*YOUR OBJECTIVE*
Find the line below with "Effect of intraliposomal". Print it and every line after it exactly, through the last line, leaving out the pictures.

-------- SOURCE DATA --------

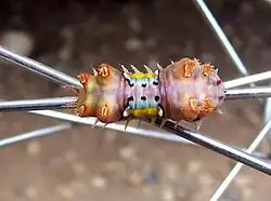 The caterpillars of D. vulnerans are only about 2 cm long.[7] They are distinctively banded with different colours, considered as an evolutionary means of displaying its dangerousness (a phenomenon called aposematism).[8] They are broad, thick and short. There are four reddish and spiny projections on the anterior and posterior ends. The anterior end can be distinguished by its stouter appearance and the presence of a pair of tiny and reddish spine (antennae) compared to the posterior end that bears two slender but elongated whitish tails.[6] The eight projections can pop up about a hundred of yellow needle-like stinging hairs or spines.[9]
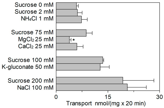 Effect of intraliposomal cations on the transport activity of SlCAT2. SlCAT2 was purified and reconstituted in proteoliposomes as described in Section 4.4. Transport was measured in 20 min, as described in Section 4.5, by adding 100 μM [3H]Arg to proteoliposomes containing indicated concentrations of sucrose or cations and 15 mM ATP, at pH 7.5. Concentrations were chosen according to the average concentrations of cations in the vacuolar lumen. Results are the means ± SD from four experiments. (*), Significantly different from the control (isoosmotic concentration of sucrose for each category of cations) for p < 0.05 as calculated from 1-way ANOVA test.
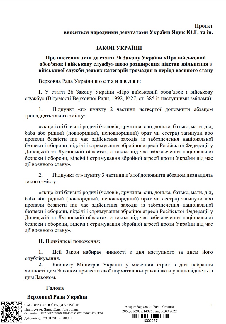 Раніше парламентом було ухвалено законопроєкт, який передбачає, що не підлягають призову особи, близькі яких загинули чи пропали безвісти під час російсько-української війни. Однак він не врахував інтереси тих, хто вже знаходився на службі.

--------

*SOLUTION*
 Effect of intraliposomal cations on the transport activity of SlCAT2. SlCAT2 was purified and reconstituted in proteoliposomes as described in Section 4.4. Transport was measured in 20 min, as described in Section 4.5, by adding 100 μM [3H]Arg to proteoliposomes containing indicated concentrations of sucrose or cations and 15 mM ATP, at pH 7.5. Concentrations were chosen according to the average concentrations of cations in the vacuolar lumen. Results are the means ± SD from four experiments. (*), Significantly different from the control (isoosmotic concentration of sucrose for each category of cations) for p < 0.05 as calculated from 1-way ANOVA test.
 Раніше парламентом було ухвалено законопроєкт, який передбачає, що не підлягають призову особи, близькі яких загинули чи пропали безвісти під час російсько-української війни. Однак він не врахував інтереси тих, хто вже знаходився на службі.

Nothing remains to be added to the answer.